Start of Provided data

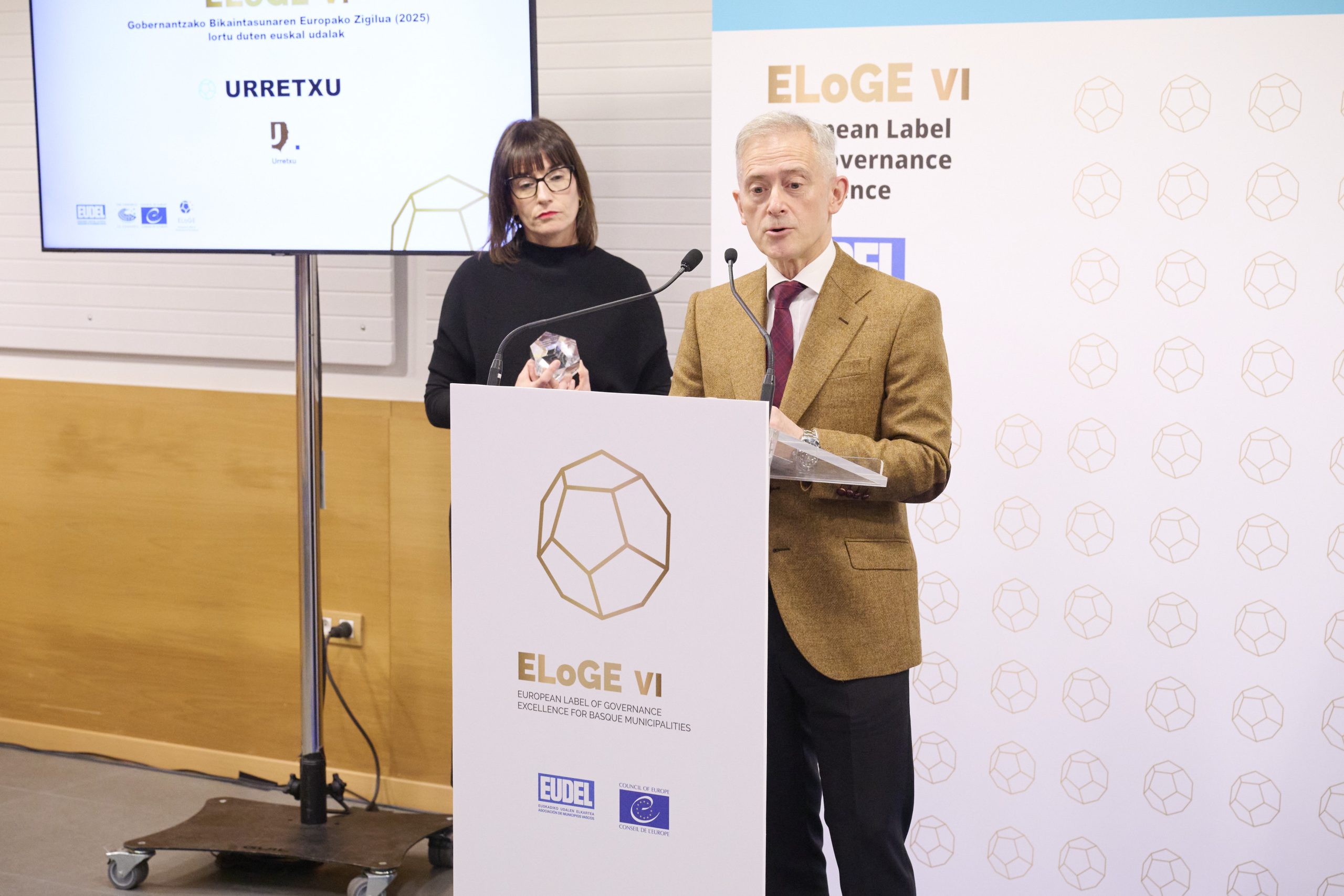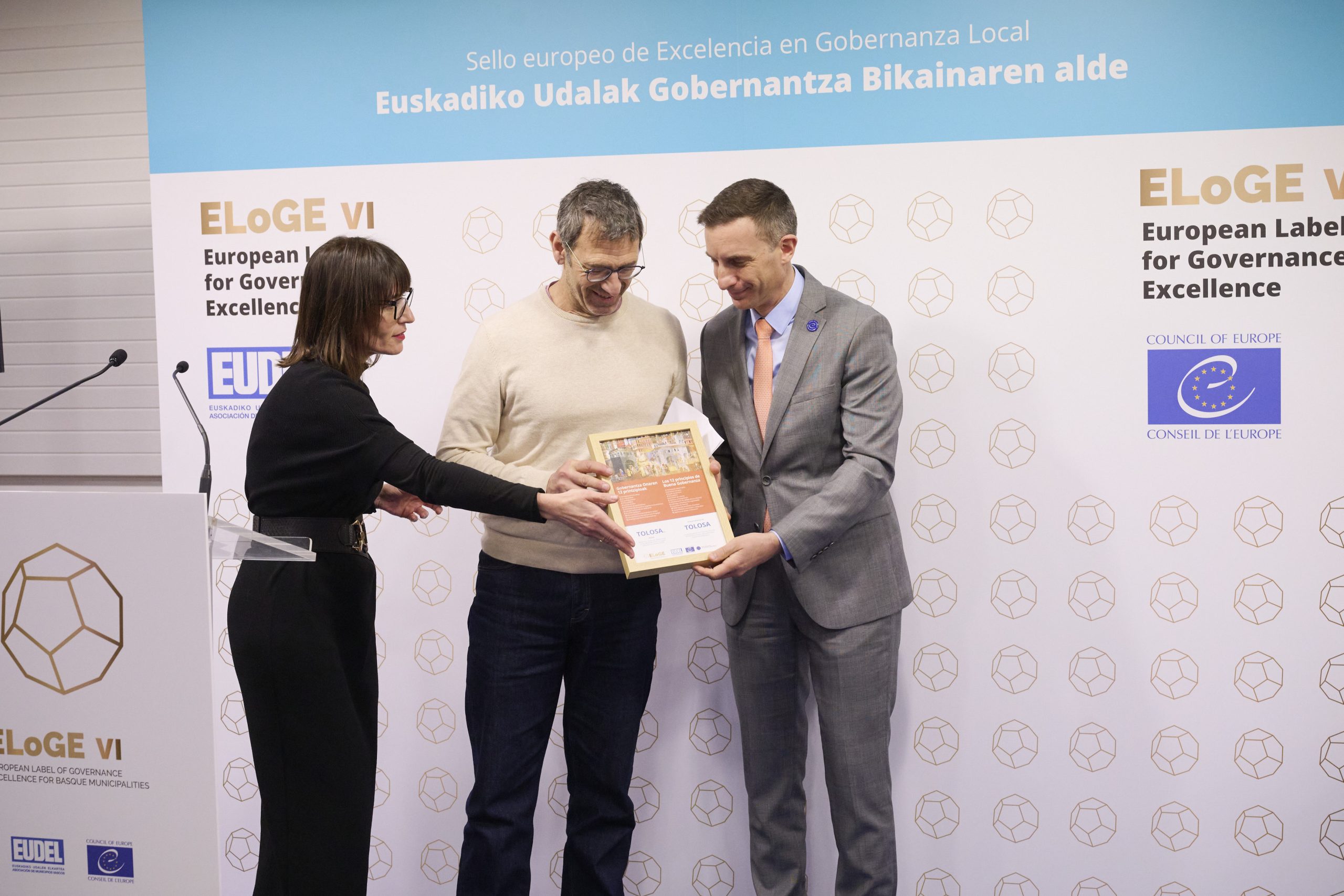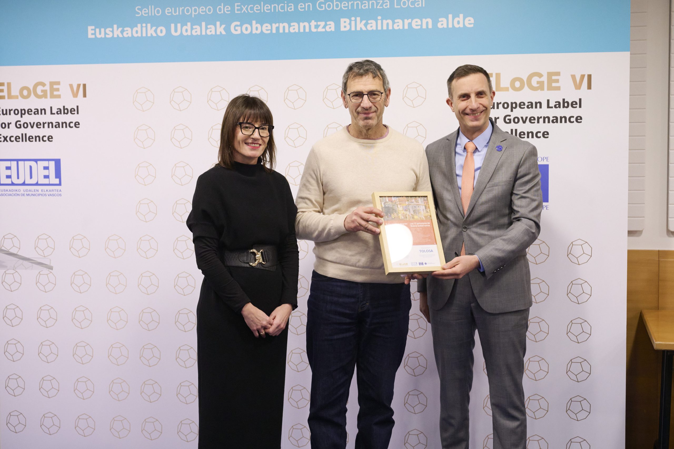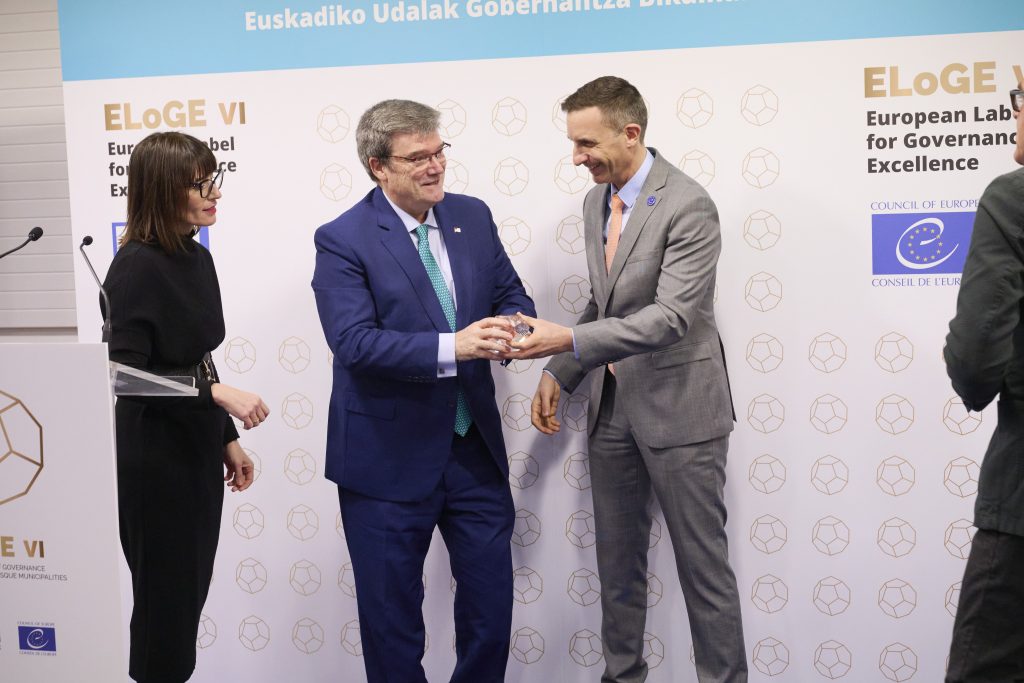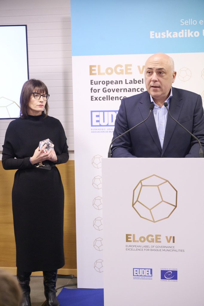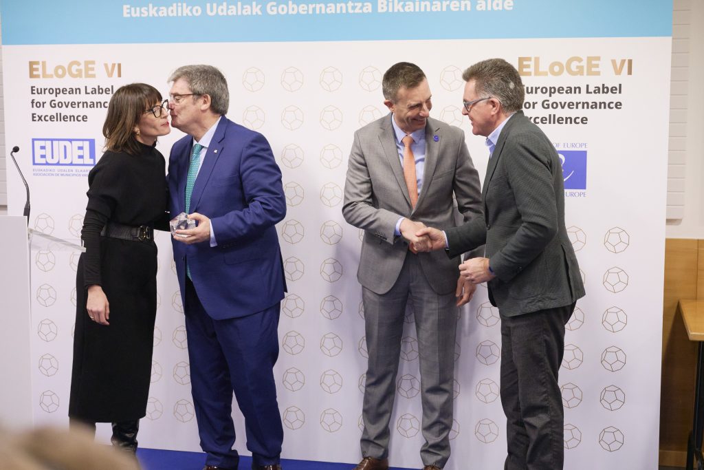 Gaur goizean, EUDELen Bilboko egoitzan, aintzatespen-banaketa egin da, eta bertan izan dira Errenteriako alkate Aizpea Otaegi, Bilboko alkate Juan Mari Aburto, Leioako alkate Iban Rodriguez, Tolosako alkate Andu Martinez de Rituerto eta Urretxuko alkate Jon Luqui. Ekitaldiaren buru Esther Apraiz EUDELeko elkarteburua eta Mathieu Mori Europako Kontseiluaren Tokiko eta Eskualdeko Botereen Kongresuko idazkari nagusia izan dira. Eusko Jaurlaritzak eta hiru foru-aldundiek ere babesten dute proiektua, eta sari-banaketan parte hartu dute: (Eusko Jaurlaritza) Xabier Ochandiano, Gobernantza, Administrazio Digitala eta Autogobernuaren Sailaren Erakunde Harremanetarako sailburuordea; (GFA) Irune Berasaluze, Gobernantzako foru-diputatua, eta Mikel Pagola, gobernu oneko zuzendaria; (BFA) Imanol Landa, udal harremanen zuzendaria, (AFA) Javier Gorbeña, Lurralde Orekaren zuzendaria. Agintariek udalak zoriondu dituzte udal gobernuaren eta kudeaketaren kalitatea etengabe hobetzeko “anbizio eta konpromisoagatik”.
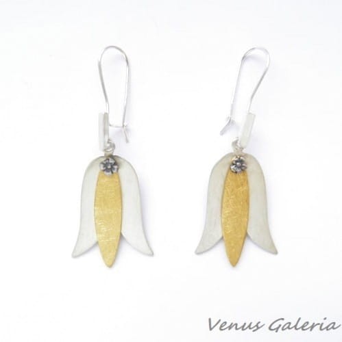 Przednia część została pozłocona, malutki kwiatuszek łączący dwa elementy został zoksydowany.
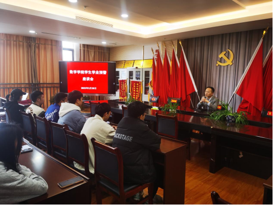 为加强我院学风建设,增强学生学习的积极性和主动性,引导学生自我管理和健康成长,3月30日下午,我院在执理楼313会议室召开2023年春季学生学业预警座谈会。数学学院党总支副书记王丹为2023年春季学期参与课程重修的同学进行了学业预警和心理辅导。
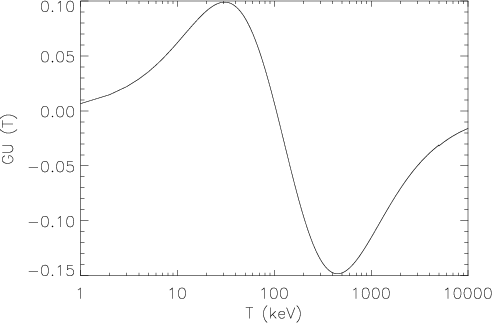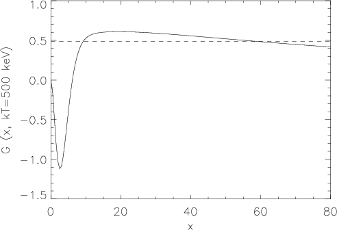 We convolve the spectral function g(x) over a Gaussian detector response centered at 217 GHz as it was done by Shimon & Rephaeli (2003). The signal at a frequency of 217 GHz from a low-temperature plasma which arises due to the convolution over a spectral response is shown in Fig. B.1 as a function of the FWHM of the Gaussian detector response.

End of Provided data

Recopy the full listing exactly, passing over any picture.

**The answer:**
 Gaur goizean, EUDELen Bilboko egoitzan, aintzatespen-banaketa egin da, eta bertan izan dira Errenteriako alkate Aizpea Otaegi, Bilboko alkate Juan Mari Aburto, Leioako alkate Iban Rodriguez, Tolosako alkate Andu Martinez de Rituerto eta Urretxuko alkate Jon Luqui. Ekitaldiaren buru Esther Apraiz EUDELeko elkarteburua eta Mathieu Mori Europako Kontseiluaren Tokiko eta Eskualdeko Botereen Kongresuko idazkari nagusia izan dira. Eusko Jaurlaritzak eta hiru foru-aldundiek ere babesten dute proiektua, eta sari-banaketan parte hartu dute: (Eusko Jaurlaritza) Xabier Ochandiano, Gobernantza, Administrazio Digitala eta Autogobernuaren Sailaren Erakunde Harremanetarako sailburuordea; (GFA) Irune Berasaluze, Gobernantzako foru-diputatua, eta Mikel Pagola, gobernu oneko zuzendaria; (BFA) Imanol Landa, udal harremanen zuzendaria, (AFA) Javier Gorbeña, Lurralde Orekaren zuzendaria. Agintariek udalak zoriondu dituzte udal gobernuaren eta kudeaketaren kalitatea etengabe hobetzeko “anbizio eta konpromisoagatik”.
 Przednia część została pozłocona, malutki kwiatuszek łączący dwa elementy został zoksydowany.
 为加强我院学风建设,增强学生学习的积极性和主动性,引导学生自我管理和健康成长,3月30日下午,我院在执理楼313会议室召开2023年春季学生学业预警座谈会。数学学院党总支副书记王丹为2023年春季学期参与课程重修的同学进行了学业预警和心理辅导。
 We convolve the spectral function g(x) over a Gaussian detector response centered at 217 GHz as it was done by Shimon & Rephaeli (2003). The signal at a frequency of 217 GHz from a low-temperature plasma which arises due to the convolution over a spectral response is shown in Fig. B.1 as a function of the FWHM of the Gaussian detector response.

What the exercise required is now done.